Dataset records START
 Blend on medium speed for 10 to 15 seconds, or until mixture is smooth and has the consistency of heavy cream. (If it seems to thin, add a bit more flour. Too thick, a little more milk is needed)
Dataset records END
Dataset records START
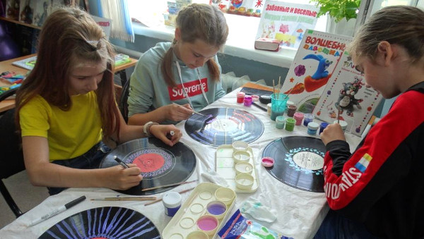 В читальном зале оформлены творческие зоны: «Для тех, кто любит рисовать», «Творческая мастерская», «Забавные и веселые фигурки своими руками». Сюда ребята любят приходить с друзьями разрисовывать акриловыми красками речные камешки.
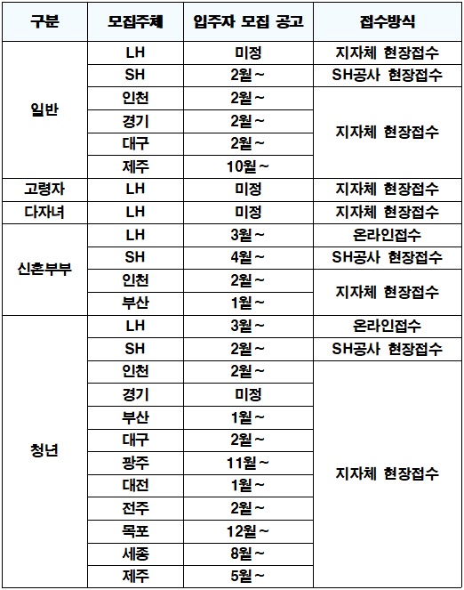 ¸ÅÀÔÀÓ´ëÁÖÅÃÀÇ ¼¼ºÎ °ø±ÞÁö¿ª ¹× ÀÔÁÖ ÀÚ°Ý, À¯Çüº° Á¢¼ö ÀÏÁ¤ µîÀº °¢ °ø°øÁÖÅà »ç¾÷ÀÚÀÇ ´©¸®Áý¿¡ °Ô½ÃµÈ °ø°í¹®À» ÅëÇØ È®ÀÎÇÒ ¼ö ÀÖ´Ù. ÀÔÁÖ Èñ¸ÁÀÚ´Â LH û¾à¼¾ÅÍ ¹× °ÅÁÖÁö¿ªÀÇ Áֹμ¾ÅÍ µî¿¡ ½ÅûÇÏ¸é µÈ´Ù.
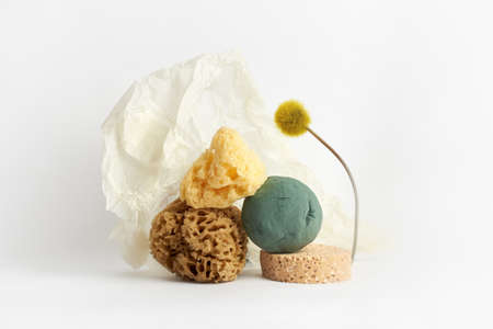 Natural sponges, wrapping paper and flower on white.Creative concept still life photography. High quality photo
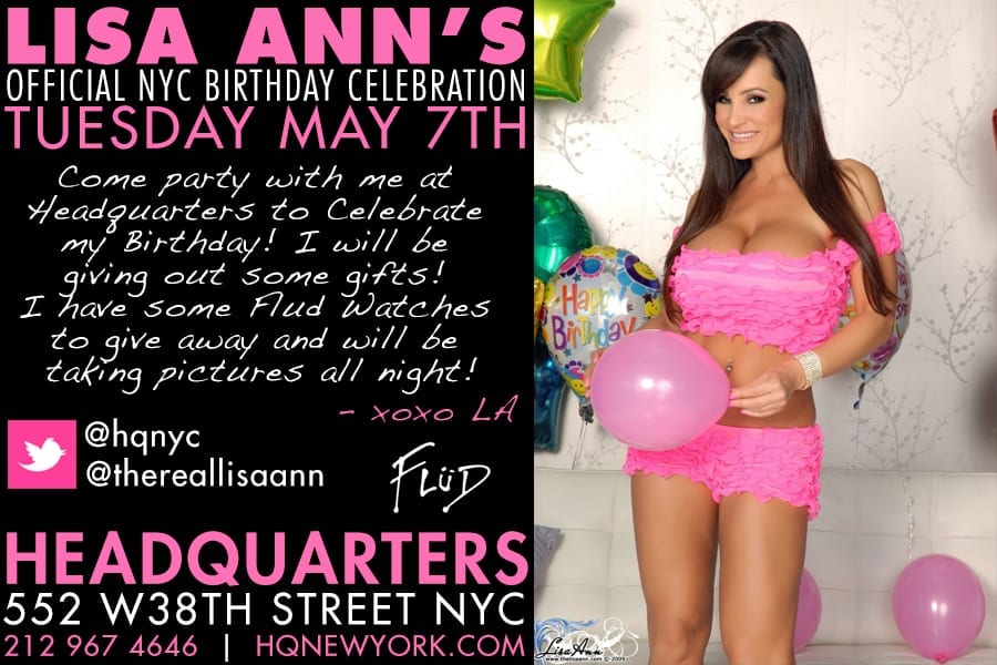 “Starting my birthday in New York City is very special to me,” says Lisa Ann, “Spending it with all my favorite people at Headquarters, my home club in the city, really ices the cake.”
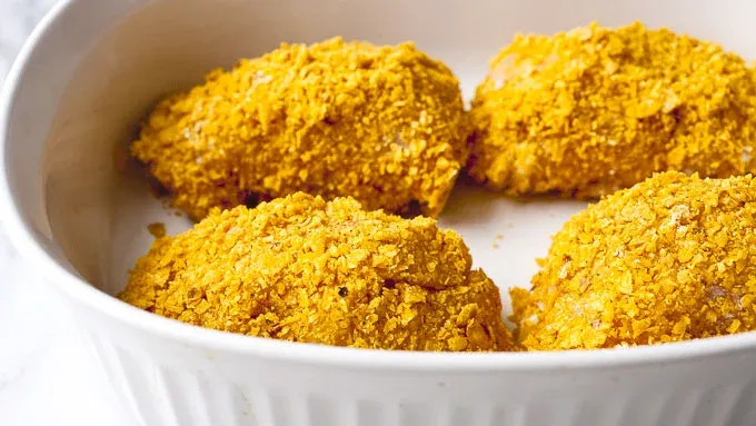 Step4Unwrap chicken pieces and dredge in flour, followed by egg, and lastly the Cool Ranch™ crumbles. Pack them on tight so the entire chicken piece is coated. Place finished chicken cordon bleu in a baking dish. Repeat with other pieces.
Dataset records END
Dataset records START
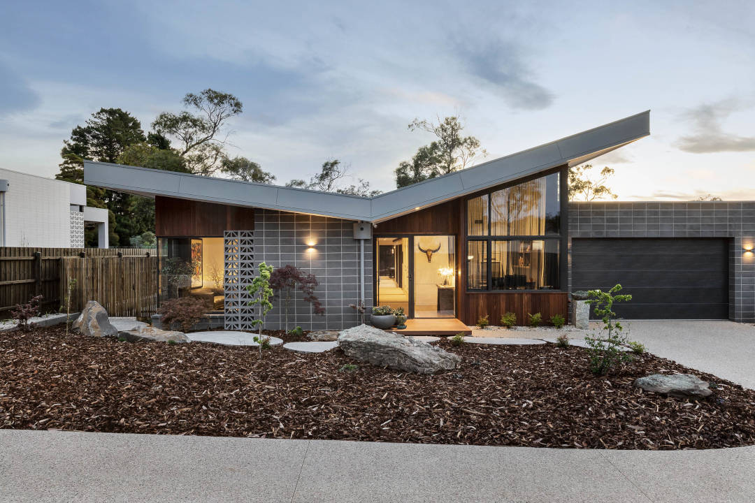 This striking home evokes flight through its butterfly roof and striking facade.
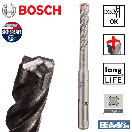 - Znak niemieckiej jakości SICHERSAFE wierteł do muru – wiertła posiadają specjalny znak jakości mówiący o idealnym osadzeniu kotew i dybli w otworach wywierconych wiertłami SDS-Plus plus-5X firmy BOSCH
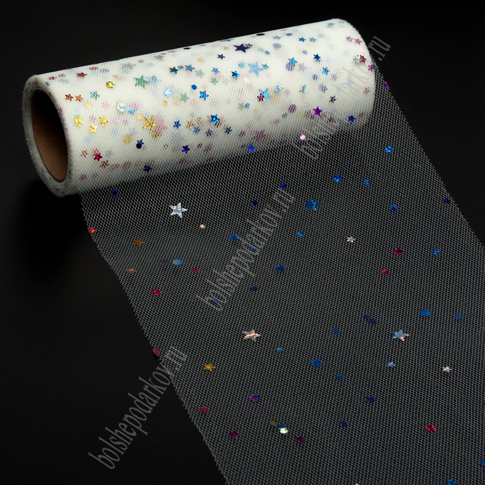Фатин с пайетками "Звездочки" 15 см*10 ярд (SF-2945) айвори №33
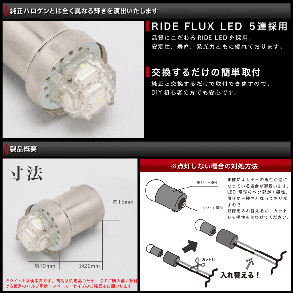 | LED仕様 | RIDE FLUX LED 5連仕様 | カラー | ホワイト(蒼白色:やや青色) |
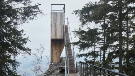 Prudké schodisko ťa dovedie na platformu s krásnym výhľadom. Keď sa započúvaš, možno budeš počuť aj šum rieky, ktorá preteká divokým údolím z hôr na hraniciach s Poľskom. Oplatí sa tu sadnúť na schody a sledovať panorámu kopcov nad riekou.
Dataset records END
The problem: Return exactly the lines above, from the one with "µî¿¡ ½ÅûÇÏ¸é µÈ´Ù." up to and including the one with "Step4Unwrap chicken pieces", and include no pictures.

Answer to the problem:
 ¸ÅÀÔÀÓ´ëÁÖÅÃÀÇ ¼¼ºÎ °ø±ÞÁö¿ª ¹× ÀÔÁÖ ÀÚ°Ý, À¯Çüº° Á¢¼ö ÀÏÁ¤ µîÀº °¢ °ø°øÁÖÅà »ç¾÷ÀÚÀÇ ´©¸®Áý¿¡ °Ô½ÃµÈ °ø°í¹®À» ÅëÇØ È®ÀÎÇÒ ¼ö ÀÖ´Ù. ÀÔÁÖ Èñ¸ÁÀÚ´Â LH û¾à¼¾ÅÍ ¹× °ÅÁÖÁö¿ªÀÇ Áֹμ¾ÅÍ µî¿¡ ½ÅûÇÏ¸é µÈ´Ù.
 Natural sponges, wrapping paper and flower on white.Creative concept still life photography. High quality photo
 “Starting my birthday in New York City is very special to me,” says Lisa Ann, “Spending it with all my favorite people at Headquarters, my home club in the city, really ices the cake.”
 Step4Unwrap chicken pieces and dredge in flour, followed by egg, and lastly the Cool Ranch™ crumbles. Pack them on tight so the entire chicken piece is coated. Place finished chicken cordon bleu in a baking dish. Repeat with other pieces.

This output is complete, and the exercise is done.